68 Practices that may help: SIX
Notice how much time you spend trying to figure out how to handle possible future problems. In reality, how often do these imagined events come to pass? Quieting the mind through disciplined meditation practices can help Sixes clear out the chorus of voices in their heads. When you achieve a goal, large or small, stop long enough to relax, breathe, and savor the moment. Take in the impression of your competence. This feeling will help you see the ways in which you consistently support yourself and others. Get in the practice of noticing what you trust and how you come to decisions. Notice especially the procedures or allies you automatically turn to when you are unsure of yourself. Turn more to what your heart and instincts are telling you in the moment. Many internal voices are more fearful aspects of your imagination and superego. The more you see the truth in this, the more you will find your quiet mind. Take risks, especially when it comes to moving out of familiar, safe patterns. Seek out diversity and variety.

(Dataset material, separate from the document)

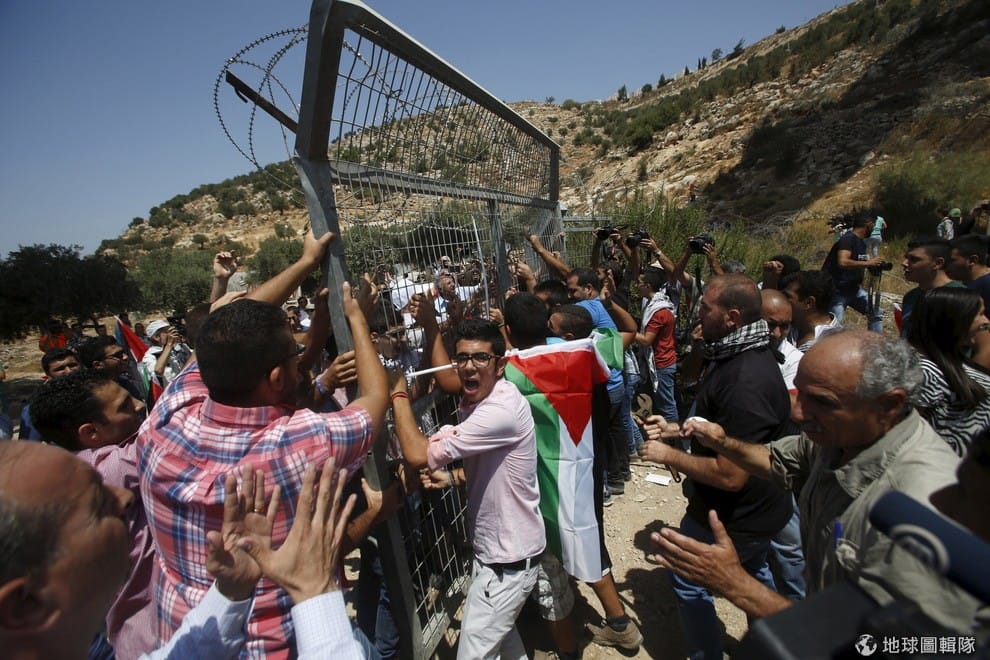 巴勒斯坦西岸的伯利恆當地,可以見到巴勒斯坦民眾正在抗議,他們想合力把擋在路中的障礙物搬走,根據當地民眾表示,他們不滿以色列政府沒收部分土地,於是發起抗議行動。

69 Practices that may help: SEVEN
When you are mentally revved up, take a moment to breathe and see what is really going on with you. Notice especially if you are afraid or upset about something. Any time you feel in danger of being “bored”, stop and see what you are avoiding. Allow the events of your life, even the painful ones, to touch you deeply. Simply identifying a feeling is a beginning but not the same as fully experiencing and being affected by them. Learn to notice your impatience and its roots. Because you are talented in many areas, you tend not to develop any one fully. Be on guard for the “instant expert” syndrome. Do your homework. Take time to bring your abilities to fruition. Find the joy of the ordinary. When you are truly present, all of your experiences are extraordinary. Make each moment a unique source of delight and amazement. Learn to meditate.

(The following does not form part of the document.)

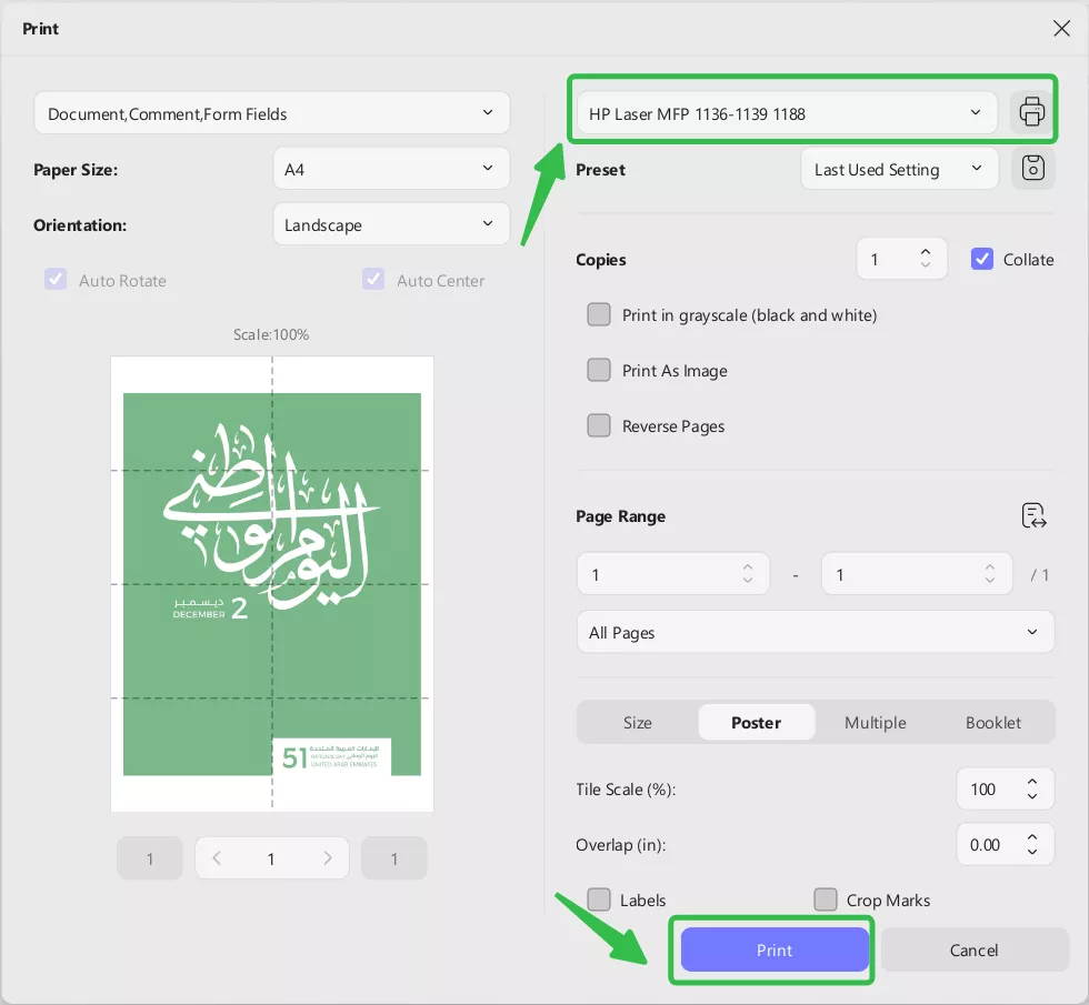 بعد ذلك، في نافذة الطباعة، قم بتحديد حجم الورق، واتجاه الصفحة، ونطاق الصفحات، ثم انتقل إلى تبويب الملصق (Poster). بعد ذلك، عدّل مقياس التقسيم (Tile Scale 100%) لتكبير أو تصغير الملصق، واضبط خيار التداخل (Overlap) إذا كنت ترغب في إضافة هوامش لقص الصفحات ومحاذاتها بسهولة.

70 Practices that may help: EIGHT
Get in touch with your feelings. Vulnerability lets others know that they matter, that you care for them. You do not need to wear your heart on your sleeve, but do not deny the hurt either. Find people you can really trust, and talk with them about matters that are eating at you. Notice that you are being heard when you are – and do the same for others. A little restraint on the intensity levels in work and in play can help ensure that you will be around longer to enjoy your life in deeper and subtler ways. Question your need for intensity and ask where it comes from.

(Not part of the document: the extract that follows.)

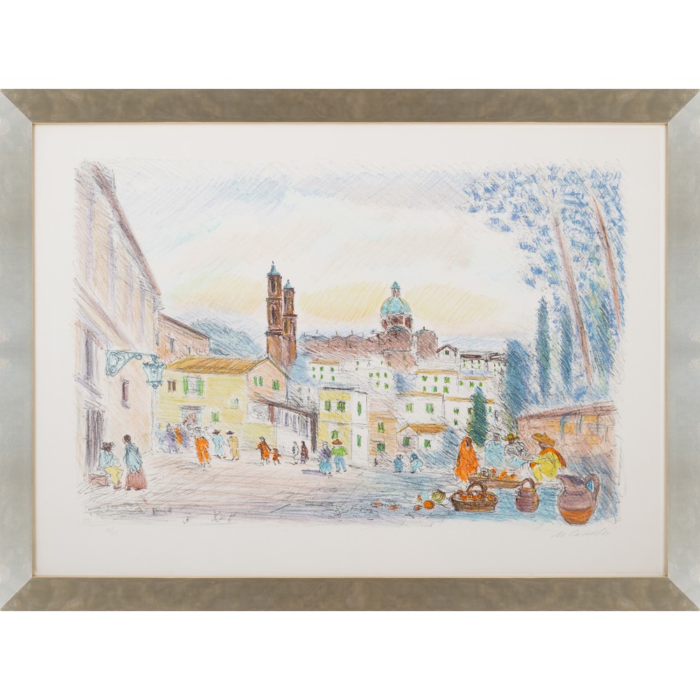 MICHELE CASCELLA, Piazza di paese, Litografia a colori

71 Practices that may help: NINE
Learn to discriminate between genuine humility and the tendency to discount yourself and your abilities. You may feel overwhelmed by life’s problems and that you have little to offer others, but a quick look at the discord, violence, and pain in the world may guide you to a quiet wisdom about what you can do. Learn the value of the word NO. When presented with a proposition that you are uncomfortable with, it is better to make your misgivings known at the onset rather than silently agreeing and regretting it later. Most people want to know what your real opinion or preference is – even if it seems unimportant to you at the time. Learn to recognize what YOU want from a given situation. Often you will be so busy taking into account the positions of others that you will tend to neglect your own. If necessary, do not be afraid to ask others to give you a moment to consider the options. And do not be afraid to pursue the opinion you prefer it arises. Invest time and energy in developing yourself and your talents.

72 What is your Enneagram number
What is your Enneagram number? How does your profile manifest itself in your personal and student life? How does it impact on your ability to influence (rightly or wrongly) other people? If possible, can you identify critical incidents in your life that may help explain your Enneagram number

73 Identify action points that can help you move from your Vice to your Virtue.